As we entered into the main square of Milan, one of the very first things I wanted to do was to sit at a sidewalk café and sip a cappuccino and watch the people pass by. We heard so many different languages and watched as people, bicycles, cars and motorcycles lived together in a small space; people simply made room for each other.
Another thing I noticed was the fact that there were current icons like The Apple Store and McDonalds wedged into buildings that were hundreds of years old, balancing the look of new and sleek in the backdrop of timeless and historical. This was fascinating to me because I can’t imagine choosing to eat McDonalds when there are cafes offering fresh meats and cheeses, pasta and gelato at every turn; and yet there were so many people sitting on the steps of the piazza, digging into a fast food bag. I guess people often want what is familiar.

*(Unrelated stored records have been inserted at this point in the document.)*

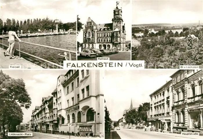 AK / Ansichtskarte Falkenstein_Vogtland Freibad Rathaus Liebknecht Platz Hauptstrasse Falkenstein_Vogtland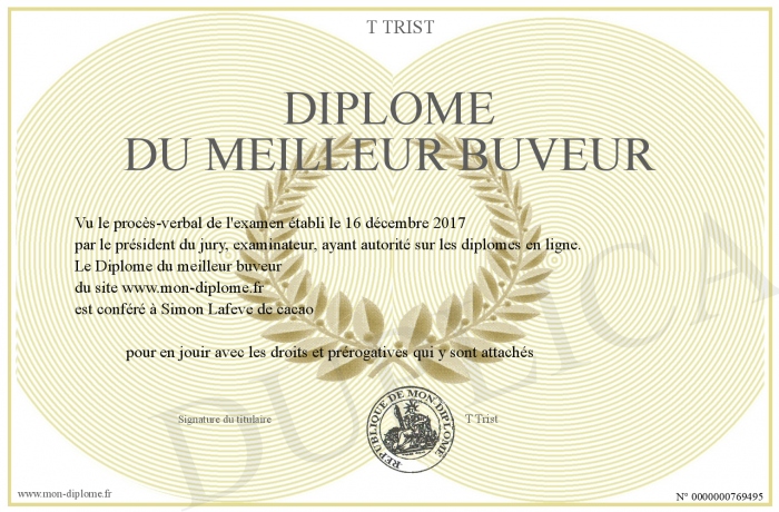 Envoyez par email votre Diplome du meilleur buveur personalisé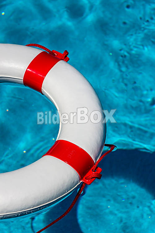 Beschreibung Ein Rettungsreifen schwimmt in einem Pool. Symbolfoto für Rettung und Krisenbewältigung bei Finanzkrise und Bankenkrise.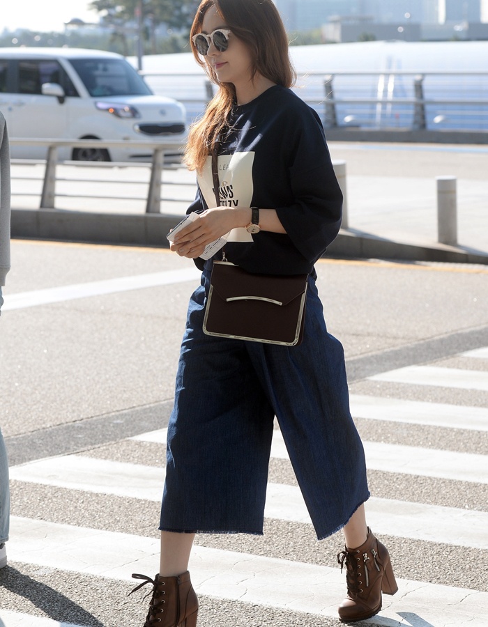 | Người đẹp Sung Yuri diện sweatshirt cùng quần ống loe cách tân và đính kèm loạt phụ kiện cực thời thượng. |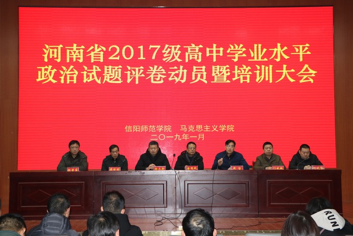 1月8日下午,我院在逸夫楼报告厅召开河南省2017级高中学业水平考试政治试题评卷动员暨培训大会。学院党委书记唐国战,党委副书记徐永新、何晓坚,副院长周智、黄世明、程晋富,当代马克思主义研究所副所长门献敏出席会议,200余名评卷人员参加了动员大会。大会由周智主持。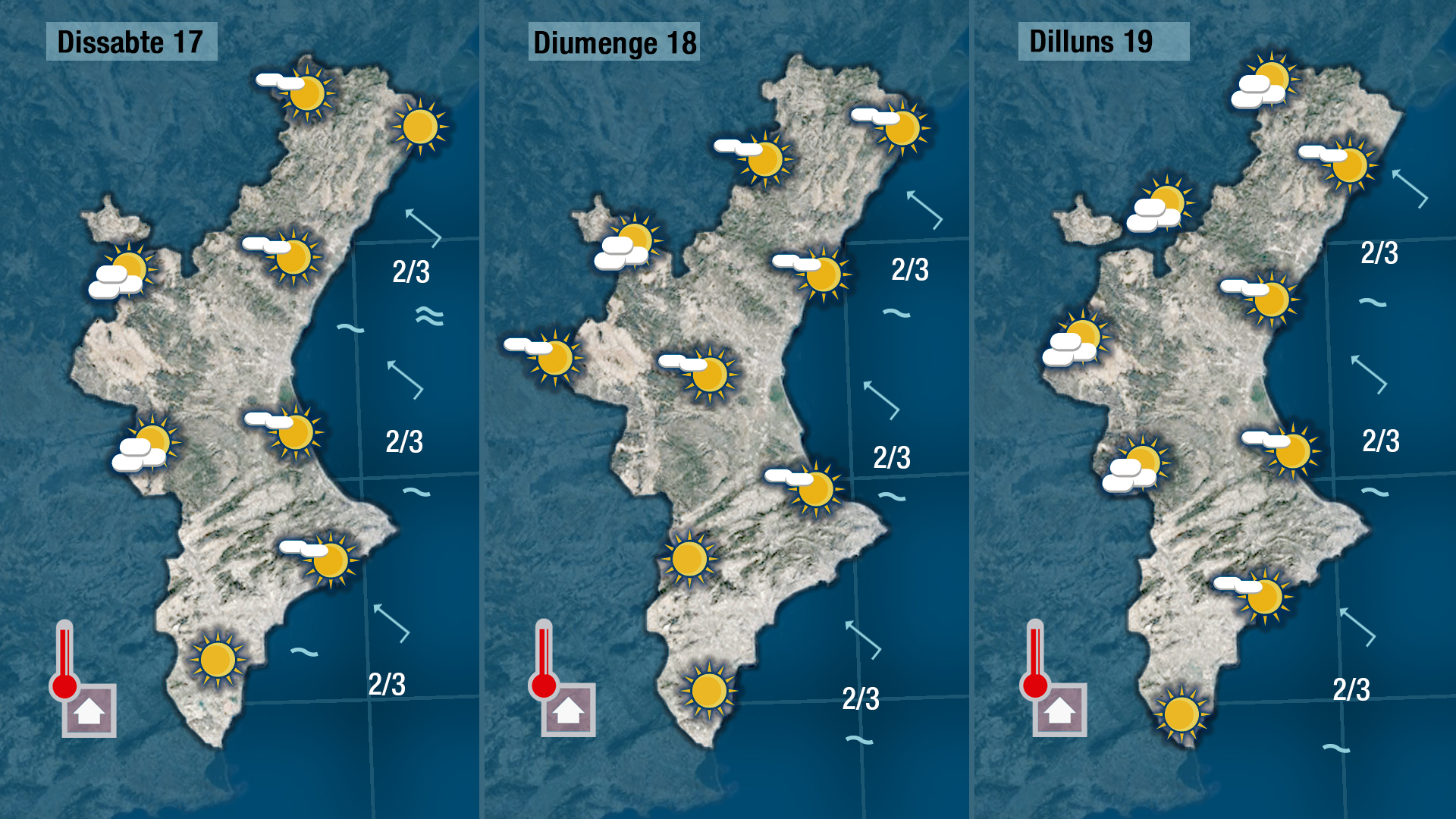 Tant el cap de setmana com l’inici de la setmana que ve l’oratge es mantindrà estable i les temperatures pujaran lleugerament sense arribar a fer calor. Les temperatures més altes arribaran als 25 o als 26 graus.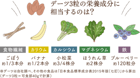 デーツ一粒にはさまざまな栄養素が含まれている。とりわけ多く含まれるのは食物繊維とカリウム。その他にもカルシウム、マグネシウム、鉄などのミネラルが含まれている。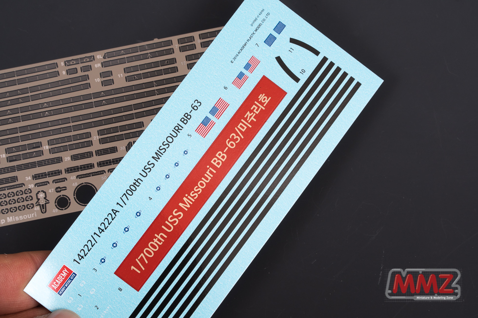 아카데미는 기존에 발매한 1/700 미조리 키트에 에칭, 마스킹실 그리고 도색가이드를 포함한 모델러판을 발매했습니다.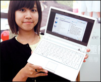 Taipei, - TAIWAN : A woman staff of Asustek Computer Inc, a leading Taiwan computer maker displays a low-cost laptop computer after the company launches the model "Eee PC" in Taipei. The model, mainly targeting children, elderly people, and low-income users in the developing world is powered by an Intel central processing unit and installed with a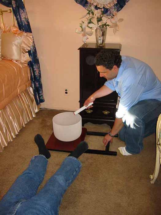 Beginning with the C bowl, root/first chakra, students experienced a flood of spirits entering the room as if a door had opened and they had merged with another reality. One could hear the whispers of entities talking to each other. Most of these entities were not connected to the students in the workshop. The experience was about viewing an endless line of spirits passing by. It reminded me of 9/11, viewing many souls in transition, seen as projected illusion within their reality running parallel to our own.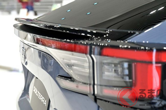 ほかのスバル車でも同じようにコの字型テールランプが採用されていても、残念ながらリアゲート側は光らない仕様が多いのですが、新型ソルテラはボディ側のランプも点灯することでワイド感も演出しています。

It made me think about my own habits. Am I settling for McDonalds in downtown Milan? Are there ways that I am choosing the familiar, the comfortable over what might be better? Am I willing to look a little further, to risk trying something different over always knowing what comes next? I haven’t eaten at a McDonalds in years, so we sure didn’t bother to go there while we were in Italy, but instead ordered items that were unknown, sometimes from menus completely in another language. We had a couple of things that were not our favorites and we learned about a lot of foods and customs that we would happily adopt.
I am just starting to settle down enough to reflect on our time in Europe, but one thing I know is that I want to keep asking, stretching and risking being uncomfortable over always knowing how things are going to turn out.